ORCANet: Differentiable multi‐parameter learning for crowd simulation

Abstract

AbstractRealistic crowd simulation has always been an important research field in computer graphics. While both agent‐based motion models and data‐driven behavior models have made some progress, they are still suffering from either huge effort of multi‐parameter tuning or limited realistic motion. In this article, we propose a novel and differentiable multi‐parameter learning method for crowd simulation, which is called ORCANet. The main idea is to learn from real data and inverse evaluating the multi‐parameter for subsequent simulation.

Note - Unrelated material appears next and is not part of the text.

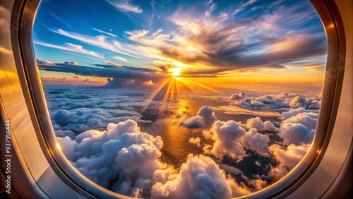 Breathtaking sunrise skyline overlooks fluffy white clouds and endless ocean waters, seen from an airliner's windows, capturing the serene beauty of flight.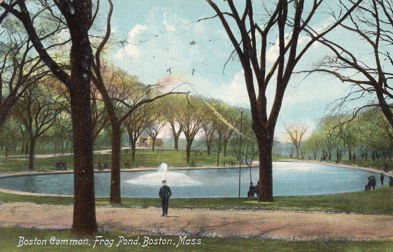 A postcard of the Boston Common at the Frog Pond in Boston, Mass.Condition

ORCANet uses classic optimal reciprocal collision avoidance (ORCA) as a basic motion model which is integrated into the deep learning framework. Addressing the feature of linear programming and non‐differentiable operation, a Gaussian kernel is added to approximate the role of neighbor distance in collision avoidance, which turns the original discrete operation into a fully differentiable forward simulation. Furthermore, we leverage ORCANet to optimize the multi‐parameter combination in synthetic and real‐world datasets. ORCANet is proved to rapidly converge to correct parameter values and regenerate the input synthetic sequence. Moreover, experiments on real‐world datasets by the metric of pedestrian trajectories verified that a more realistic crowd simulation has been generated through ORCANet.